“A bright thought, truly. When a man was looking for a seat, why not try a place where the law is occasionally heard of?”
“I’m sure I can give you no information on that head; nor have I ever heard how Sir George came to learn that such a place as Galway existed.”
“I believe I can enlighten you,” said Power. “Lady Dashwood—rest her soul!—came west of the Shannon; she had a large property somewhere in Mayo, and owned some hundred acres of swamp, with some thousand starving tenantry thereupon, that people dignified as an estate in Connaught. This first suggested to him the notion of setting up for the county, probably supposing that the people who never paid in rent might like to do so in gratitude. How he was undeceived, O’Malley there can inform us. Indeed, I believe the worthy general, who was confoundedly hard up when he married, expected to have got a great fortune, and little anticipated the three chancery suits he succeeded to, nor the fourteen rent-charges to his wife’s relatives that made up the bulk of the dower. It was an unlucky hit for him when he fell in with the old ‘maid’ at Bath; and had she lived, he must have gone to the colonies. But the Lord took her one day, and Major Dashwood was himself again. The Duke of York, the story goes, saw him at Hounslow during a review, was much struck with his air and appearance, made some inquiries, found him to be of excellent family and irreproachable conduct, made him an aide-de-camp, and, in fact, made his fortune. I do not believe that, while doing so kind, he could by possibility have done a more popular thing. Every man in the army rejoiced at his good fortune; so that, after all, though he has had some hard rubs, he has come well through, the only vestige of his unfortunate matrimonial connection being a correspondence kept up by a maiden sister of his late wife’s with him. She insists upon claiming the ties of kindred upon about twenty family eras during the year, when she regularly writes a most loving and ill-spelled epistle, containing the latest information from Mayo, with all particulars of the Macan family, of which she is a worthy member. To her constant hints of the acceptable nature of certain small remittances, the poor general is never inattentive; but to the pleasing prospect of a visit in the flesh from Miss Judy Macan, the good man is dead. In fact, nothing short of being broke by general court-martial could complete his sensations of horror at such a stroke of fortune; and I am not certain, if choice were allowed him, that he would not prefer the latter.”

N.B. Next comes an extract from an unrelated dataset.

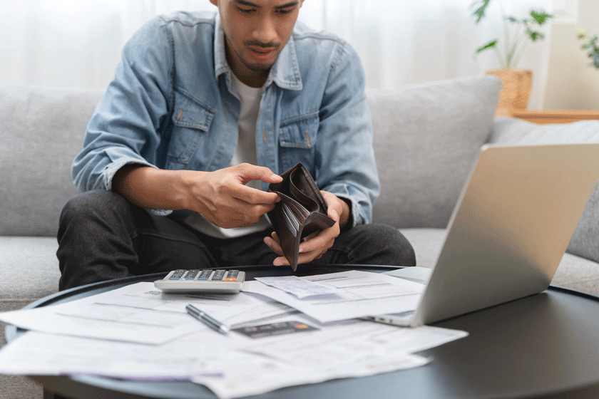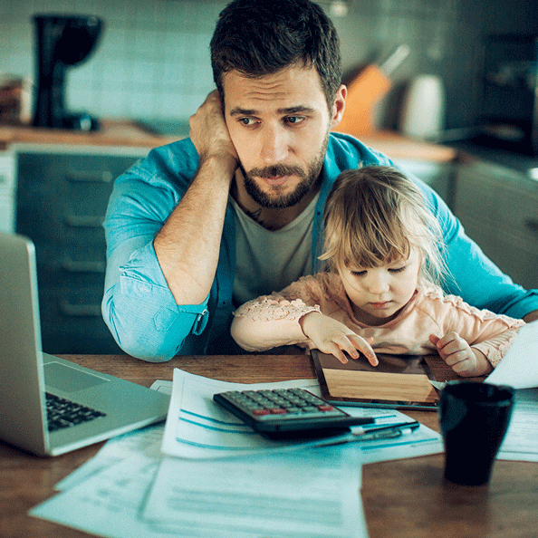 Image: Financially stressed father, holding his daughter, leaning on a kitchen table surrounded by bills.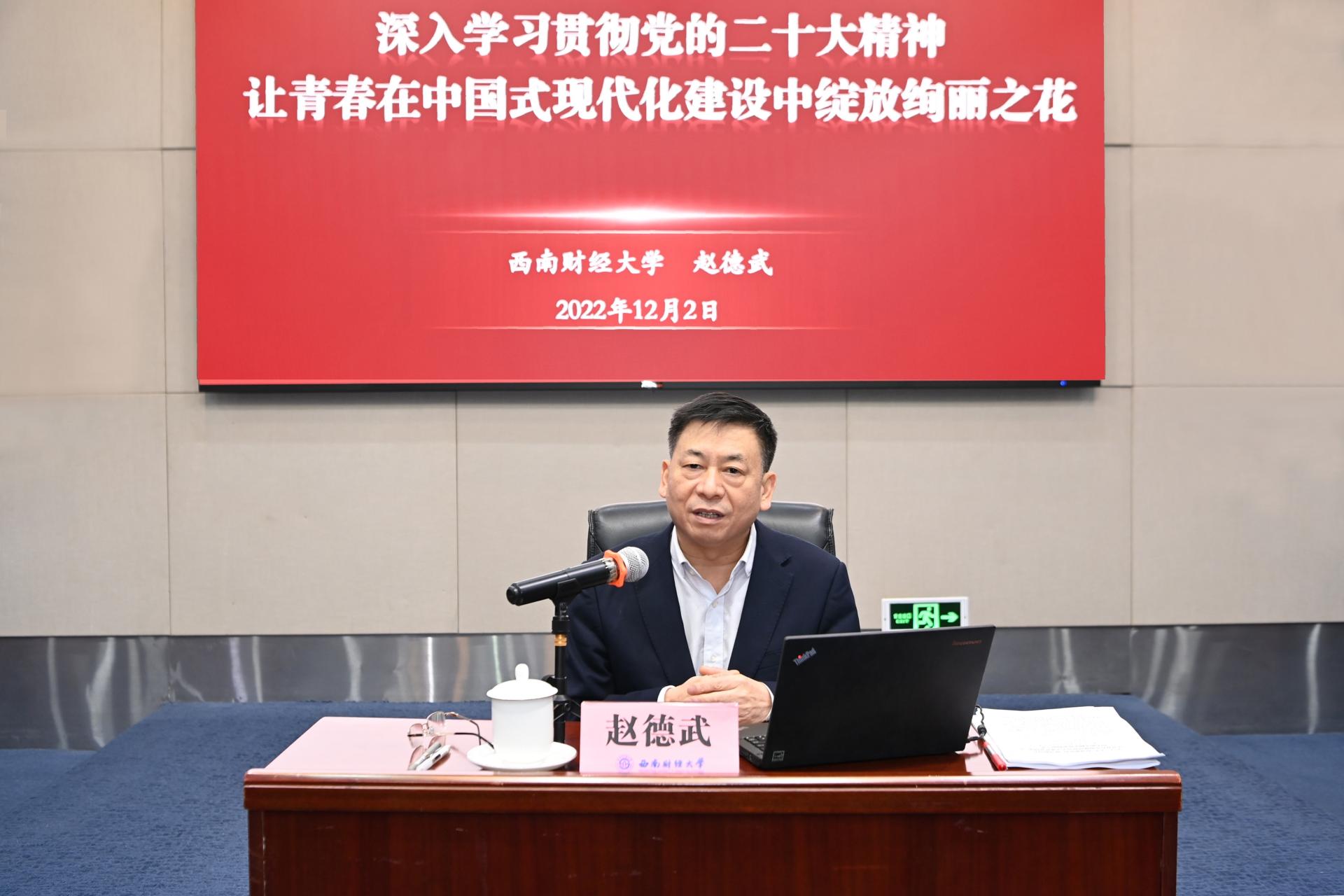 趙德武要求,學習宣傳黨的二十大精神,青年學生是重要群體,學生骨干應該走在前列、做出示范。要堅定理想信念,堅定不移聽黨話跟黨走,把握好習近平新時代中國特色社會主義思想的世界觀和方法論,堅持好、運用好貫穿其中的立場觀點方法,用理想之光照亮奮斗之路,用信仰之力開創美好未來,自覺做習近平新時代中國特色社會主義思想的堅定信仰者、積極傳播者、忠實踐行者。要練就過硬本領,腳踏實地強本領增才干,珍惜大學時光,珍惜美好韶華,將學習知識與增長見識相結合,在理論學習、學術研究、創新創業、社會實踐、志愿服務等各個領域中去求真學問、練真本領,努力練就堪當民族復興重任的“寬肩膀”和“硬本領”。要勇于團結奮斗,肩扛重任敢擔當善作為,在拼搏中砥礪奮斗、在奮斗中團結向上,自覺融入人民群眾團結奮斗的歷史洪流,以青春之我、奮斗之我,為百年西財添磚加瓦,為民族復興鋪路架橋,為全面建設社會主義現代化國家貢獻青春力量。

“Then he has never yet seen her?” said Webber.
“Never,” replied Power; “and he hopes to leave Ireland without that blessing, the prospect of which, however remote and unlikely, has, I know well, more than once terrified him since his arrival.”
“I say, Power, and has your worthy general sent me a card for his ball?”

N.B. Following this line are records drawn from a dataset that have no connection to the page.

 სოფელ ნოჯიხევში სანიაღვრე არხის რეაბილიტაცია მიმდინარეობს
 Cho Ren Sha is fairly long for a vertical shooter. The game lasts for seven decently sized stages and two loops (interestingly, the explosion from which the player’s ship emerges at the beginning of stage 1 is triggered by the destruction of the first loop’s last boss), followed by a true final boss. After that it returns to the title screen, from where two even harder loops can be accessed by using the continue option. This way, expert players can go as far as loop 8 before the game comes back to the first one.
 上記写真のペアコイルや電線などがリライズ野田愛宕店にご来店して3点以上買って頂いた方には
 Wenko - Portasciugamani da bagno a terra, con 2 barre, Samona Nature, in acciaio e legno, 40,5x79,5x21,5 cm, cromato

“Not through me, Master Frank.”
“Well, now, I call that devilish shabby, do you know. He asks O’Malley there from my chambers, and never notices the other man, the superior in the firm. Eh, O’Malley, what say you?”
“Why, I didn’t know you were acquainted.”
“And who said we were? It was his fault, though, entirely, that we were not. I am, as I have ever been, the most easy fellow in the world on that score, never give myself airs to military people, endure anything, everything, and you see the result; hard, ain’t it?”